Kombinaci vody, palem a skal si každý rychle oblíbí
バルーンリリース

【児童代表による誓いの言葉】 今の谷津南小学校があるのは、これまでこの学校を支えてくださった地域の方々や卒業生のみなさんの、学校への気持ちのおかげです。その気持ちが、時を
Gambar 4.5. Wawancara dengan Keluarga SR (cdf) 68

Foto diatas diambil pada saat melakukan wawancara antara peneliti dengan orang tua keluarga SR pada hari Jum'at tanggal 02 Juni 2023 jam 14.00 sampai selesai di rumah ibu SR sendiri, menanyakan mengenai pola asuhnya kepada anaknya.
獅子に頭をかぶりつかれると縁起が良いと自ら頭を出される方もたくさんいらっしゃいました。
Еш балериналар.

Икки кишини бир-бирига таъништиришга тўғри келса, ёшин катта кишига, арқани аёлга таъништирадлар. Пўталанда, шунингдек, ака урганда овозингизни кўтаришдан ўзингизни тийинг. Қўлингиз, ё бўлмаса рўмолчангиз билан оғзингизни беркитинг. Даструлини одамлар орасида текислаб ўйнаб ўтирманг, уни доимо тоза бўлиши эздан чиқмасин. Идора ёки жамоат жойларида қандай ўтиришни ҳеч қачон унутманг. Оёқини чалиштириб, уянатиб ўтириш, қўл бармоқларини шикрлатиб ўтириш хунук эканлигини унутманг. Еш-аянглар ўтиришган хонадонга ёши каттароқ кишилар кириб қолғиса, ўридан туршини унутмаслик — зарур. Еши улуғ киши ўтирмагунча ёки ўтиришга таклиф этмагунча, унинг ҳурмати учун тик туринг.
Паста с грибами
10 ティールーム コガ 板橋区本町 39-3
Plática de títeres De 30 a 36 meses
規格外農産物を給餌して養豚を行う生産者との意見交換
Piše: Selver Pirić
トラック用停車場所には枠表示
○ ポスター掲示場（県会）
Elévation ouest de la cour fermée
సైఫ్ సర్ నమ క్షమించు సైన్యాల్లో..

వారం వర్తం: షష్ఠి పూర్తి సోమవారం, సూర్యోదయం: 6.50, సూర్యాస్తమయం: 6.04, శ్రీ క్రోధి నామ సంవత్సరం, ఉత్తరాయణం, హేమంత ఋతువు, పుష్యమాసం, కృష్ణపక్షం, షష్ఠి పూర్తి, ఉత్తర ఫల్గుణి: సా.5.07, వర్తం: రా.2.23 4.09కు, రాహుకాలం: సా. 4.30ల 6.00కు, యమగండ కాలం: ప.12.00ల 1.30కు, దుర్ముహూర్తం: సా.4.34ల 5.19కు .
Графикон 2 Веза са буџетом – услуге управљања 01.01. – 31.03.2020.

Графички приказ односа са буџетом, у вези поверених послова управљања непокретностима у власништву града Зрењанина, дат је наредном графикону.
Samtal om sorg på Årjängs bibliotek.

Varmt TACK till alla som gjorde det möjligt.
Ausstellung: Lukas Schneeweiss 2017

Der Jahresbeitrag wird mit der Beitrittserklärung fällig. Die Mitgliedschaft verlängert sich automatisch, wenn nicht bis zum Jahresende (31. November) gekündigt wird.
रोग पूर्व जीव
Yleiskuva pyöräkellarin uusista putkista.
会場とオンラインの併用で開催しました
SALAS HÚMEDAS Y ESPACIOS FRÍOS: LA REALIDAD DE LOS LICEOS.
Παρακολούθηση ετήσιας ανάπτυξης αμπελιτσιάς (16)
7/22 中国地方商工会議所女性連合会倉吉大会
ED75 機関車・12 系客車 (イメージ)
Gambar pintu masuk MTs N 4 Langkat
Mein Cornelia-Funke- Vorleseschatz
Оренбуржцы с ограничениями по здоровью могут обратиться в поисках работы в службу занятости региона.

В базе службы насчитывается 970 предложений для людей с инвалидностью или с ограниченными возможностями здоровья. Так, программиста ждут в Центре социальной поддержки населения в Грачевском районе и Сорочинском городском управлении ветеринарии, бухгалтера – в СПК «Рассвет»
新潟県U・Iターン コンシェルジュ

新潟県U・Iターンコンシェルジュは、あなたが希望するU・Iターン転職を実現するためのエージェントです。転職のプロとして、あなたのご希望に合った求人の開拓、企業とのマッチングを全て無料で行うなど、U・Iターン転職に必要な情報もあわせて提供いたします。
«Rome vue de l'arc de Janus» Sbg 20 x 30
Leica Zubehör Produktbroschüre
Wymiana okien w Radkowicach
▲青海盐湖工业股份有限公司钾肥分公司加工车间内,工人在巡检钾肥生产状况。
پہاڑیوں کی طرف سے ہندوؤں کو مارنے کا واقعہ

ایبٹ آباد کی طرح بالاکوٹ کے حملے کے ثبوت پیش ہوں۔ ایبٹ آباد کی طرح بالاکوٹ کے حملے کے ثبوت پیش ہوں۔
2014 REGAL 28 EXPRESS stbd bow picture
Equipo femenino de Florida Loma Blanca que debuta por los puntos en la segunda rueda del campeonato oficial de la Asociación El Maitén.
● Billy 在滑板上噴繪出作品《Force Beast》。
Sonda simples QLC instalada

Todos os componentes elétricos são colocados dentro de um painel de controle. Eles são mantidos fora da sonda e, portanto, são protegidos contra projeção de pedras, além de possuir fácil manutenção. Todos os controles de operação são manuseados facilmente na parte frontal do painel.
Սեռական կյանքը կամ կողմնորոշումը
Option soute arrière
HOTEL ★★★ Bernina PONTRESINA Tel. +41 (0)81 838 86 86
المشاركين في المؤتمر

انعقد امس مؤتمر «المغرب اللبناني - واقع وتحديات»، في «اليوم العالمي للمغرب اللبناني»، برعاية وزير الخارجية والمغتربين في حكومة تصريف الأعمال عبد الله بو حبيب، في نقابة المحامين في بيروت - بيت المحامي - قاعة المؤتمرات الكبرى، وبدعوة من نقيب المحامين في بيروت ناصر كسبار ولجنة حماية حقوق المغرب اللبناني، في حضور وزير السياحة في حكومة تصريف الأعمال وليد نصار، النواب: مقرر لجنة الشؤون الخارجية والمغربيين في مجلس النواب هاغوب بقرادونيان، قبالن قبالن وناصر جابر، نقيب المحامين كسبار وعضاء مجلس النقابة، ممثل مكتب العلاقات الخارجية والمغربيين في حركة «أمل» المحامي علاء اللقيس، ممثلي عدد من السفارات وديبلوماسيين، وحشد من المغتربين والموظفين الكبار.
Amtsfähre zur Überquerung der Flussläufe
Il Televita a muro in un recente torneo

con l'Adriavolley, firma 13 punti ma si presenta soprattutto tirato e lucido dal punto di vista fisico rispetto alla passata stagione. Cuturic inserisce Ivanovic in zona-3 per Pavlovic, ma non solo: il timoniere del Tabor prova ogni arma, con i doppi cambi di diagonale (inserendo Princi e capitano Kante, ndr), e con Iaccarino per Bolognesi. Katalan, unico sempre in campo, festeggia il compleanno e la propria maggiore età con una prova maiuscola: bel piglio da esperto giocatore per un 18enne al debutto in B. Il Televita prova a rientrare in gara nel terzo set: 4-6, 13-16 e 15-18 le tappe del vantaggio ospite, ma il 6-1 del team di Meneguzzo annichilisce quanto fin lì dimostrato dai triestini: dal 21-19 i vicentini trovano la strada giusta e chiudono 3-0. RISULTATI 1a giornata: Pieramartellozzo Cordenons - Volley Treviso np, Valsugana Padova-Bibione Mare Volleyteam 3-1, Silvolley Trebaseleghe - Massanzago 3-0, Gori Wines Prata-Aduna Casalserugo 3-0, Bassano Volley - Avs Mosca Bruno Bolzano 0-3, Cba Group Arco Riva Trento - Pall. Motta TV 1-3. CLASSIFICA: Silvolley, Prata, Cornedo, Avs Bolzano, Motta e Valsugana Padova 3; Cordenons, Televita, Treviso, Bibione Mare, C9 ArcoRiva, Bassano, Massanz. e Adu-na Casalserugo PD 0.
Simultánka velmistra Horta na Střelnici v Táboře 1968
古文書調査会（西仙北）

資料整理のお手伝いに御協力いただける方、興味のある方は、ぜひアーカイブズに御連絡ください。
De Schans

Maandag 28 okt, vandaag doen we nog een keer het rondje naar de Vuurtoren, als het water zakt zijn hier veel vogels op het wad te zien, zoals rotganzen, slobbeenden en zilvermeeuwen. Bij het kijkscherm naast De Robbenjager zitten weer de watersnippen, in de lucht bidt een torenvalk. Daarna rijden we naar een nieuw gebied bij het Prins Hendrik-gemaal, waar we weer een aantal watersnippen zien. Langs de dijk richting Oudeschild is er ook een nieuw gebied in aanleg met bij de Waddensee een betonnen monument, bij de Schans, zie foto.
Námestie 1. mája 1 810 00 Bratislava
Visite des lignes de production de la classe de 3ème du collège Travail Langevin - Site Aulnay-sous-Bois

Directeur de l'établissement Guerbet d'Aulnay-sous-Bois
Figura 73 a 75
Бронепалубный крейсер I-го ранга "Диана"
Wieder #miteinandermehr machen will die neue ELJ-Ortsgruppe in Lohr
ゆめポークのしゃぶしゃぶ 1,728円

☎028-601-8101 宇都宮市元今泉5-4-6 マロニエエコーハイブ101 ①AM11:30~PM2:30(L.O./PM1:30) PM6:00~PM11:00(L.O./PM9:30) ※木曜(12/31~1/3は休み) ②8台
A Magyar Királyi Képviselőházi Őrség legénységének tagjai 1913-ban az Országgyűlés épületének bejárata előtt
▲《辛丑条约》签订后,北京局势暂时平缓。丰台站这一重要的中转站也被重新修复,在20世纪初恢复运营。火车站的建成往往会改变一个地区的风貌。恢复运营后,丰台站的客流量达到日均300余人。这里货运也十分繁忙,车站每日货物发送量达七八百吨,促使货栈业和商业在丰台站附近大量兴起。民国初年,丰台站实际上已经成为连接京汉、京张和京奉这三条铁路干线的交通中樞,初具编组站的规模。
──────────────────────────────
Your objective:
Only one stretch of the data above is needed. Restate it word for word, from the line containing "Simultánka velmistra Horta" through the line containing "Námestie 1. mája 1 810 00 Bratislava", both ends included.

Finished task:
Simultánka velmistra Horta na Střelnici v Táboře 1968
古文書調査会（西仙北）

資料整理のお手伝いに御協力いただける方、興味のある方は、ぜひアーカイブズに御連絡ください。
De Schans

Maandag 28 okt, vandaag doen we nog een keer het rondje naar de Vuurtoren, als het water zakt zijn hier veel vogels op het wad te zien, zoals rotganzen, slobbeenden en zilvermeeuwen. Bij het kijkscherm naast De Robbenjager zitten weer de watersnippen, in de lucht bidt een torenvalk. Daarna rijden we naar een nieuw gebied bij het Prins Hendrik-gemaal, waar we weer een aantal watersnippen zien. Langs de dijk richting Oudeschild is er ook een nieuw gebied in aanleg met bij de Waddensee een betonnen monument, bij de Schans, zie foto.
Námestie 1. mája 1 810 00 Bratislava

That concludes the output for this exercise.